» **What is expected**:
From the first line to the last, output the data exactly as it stands, minus its pictures.

» **Stored data**:
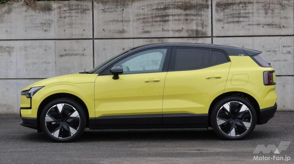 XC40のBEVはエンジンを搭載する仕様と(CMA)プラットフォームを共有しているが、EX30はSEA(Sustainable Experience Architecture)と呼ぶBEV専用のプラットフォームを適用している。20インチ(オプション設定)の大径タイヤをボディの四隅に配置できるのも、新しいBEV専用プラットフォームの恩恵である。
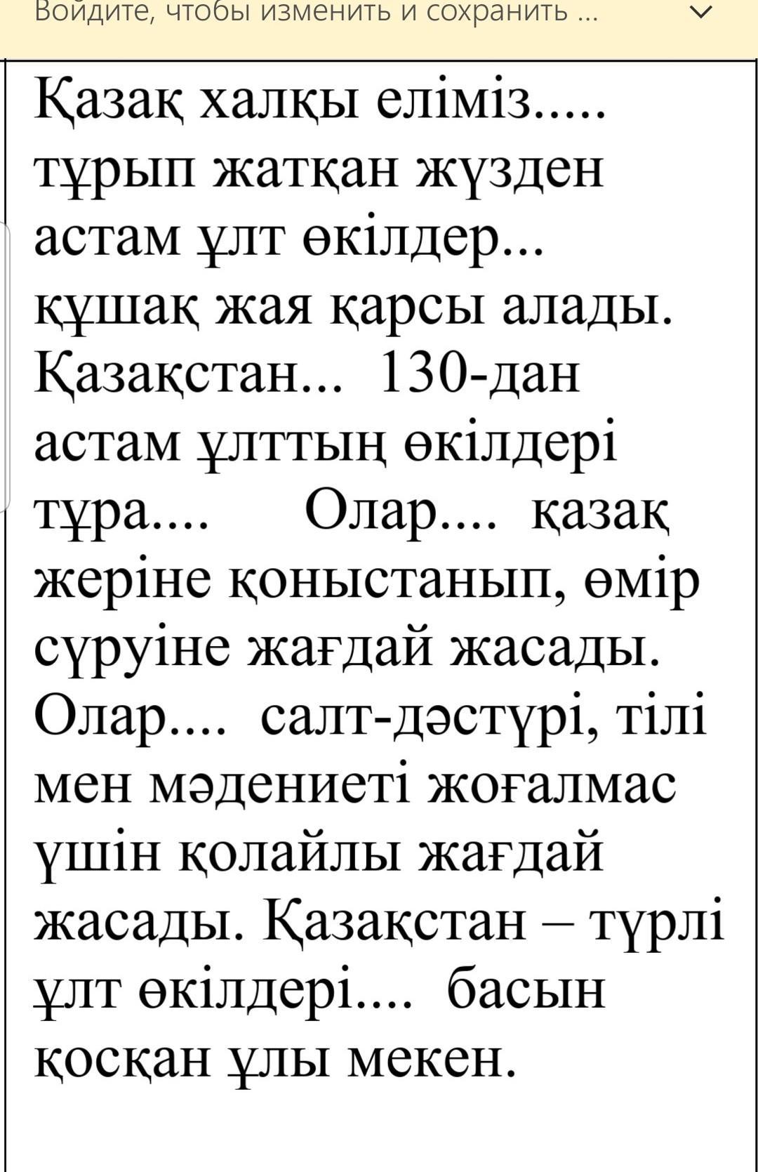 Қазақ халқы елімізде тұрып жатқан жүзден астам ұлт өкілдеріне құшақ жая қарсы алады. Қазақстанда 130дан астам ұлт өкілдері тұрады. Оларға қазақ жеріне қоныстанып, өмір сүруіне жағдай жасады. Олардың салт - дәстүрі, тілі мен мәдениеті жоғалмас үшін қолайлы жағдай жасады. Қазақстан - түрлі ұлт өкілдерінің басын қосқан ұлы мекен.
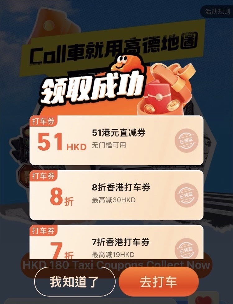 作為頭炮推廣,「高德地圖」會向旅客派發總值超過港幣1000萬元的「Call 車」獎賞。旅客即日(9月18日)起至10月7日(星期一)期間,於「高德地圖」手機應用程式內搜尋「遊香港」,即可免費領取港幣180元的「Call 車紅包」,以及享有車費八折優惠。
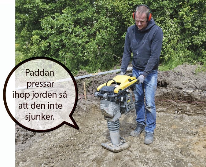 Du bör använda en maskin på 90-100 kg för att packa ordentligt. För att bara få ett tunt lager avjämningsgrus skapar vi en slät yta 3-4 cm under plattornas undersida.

» **Solution to this task**:
 XC40のBEVはエンジンを搭載する仕様と(CMA)プラットフォームを共有しているが、EX30はSEA(Sustainable Experience Architecture)と呼ぶBEV専用のプラットフォームを適用している。20インチ(オプション設定)の大径タイヤをボディの四隅に配置できるのも、新しいBEV専用プラットフォームの恩恵である。
 Қазақ халқы елімізде тұрып жатқан жүзден астам ұлт өкілдеріне құшақ жая қарсы алады. Қазақстанда 130дан астам ұлт өкілдері тұрады. Оларға қазақ жеріне қоныстанып, өмір сүруіне жағдай жасады. Олардың салт - дәстүрі, тілі мен мәдениеті жоғалмас үшін қолайлы жағдай жасады. Қазақстан - түрлі ұлт өкілдерінің басын қосқан ұлы мекен.
 作為頭炮推廣,「高德地圖」會向旅客派發總值超過港幣1000萬元的「Call 車」獎賞。旅客即日(9月18日)起至10月7日(星期一)期間,於「高德地圖」手機應用程式內搜尋「遊香港」,即可免費領取港幣180元的「Call 車紅包」,以及享有車費八折優惠。
 Du bör använda en maskin på 90-100 kg för att packa ordentligt. För att bara få ett tunt lager avjämningsgrus skapar vi en slät yta 3-4 cm under plattornas undersida.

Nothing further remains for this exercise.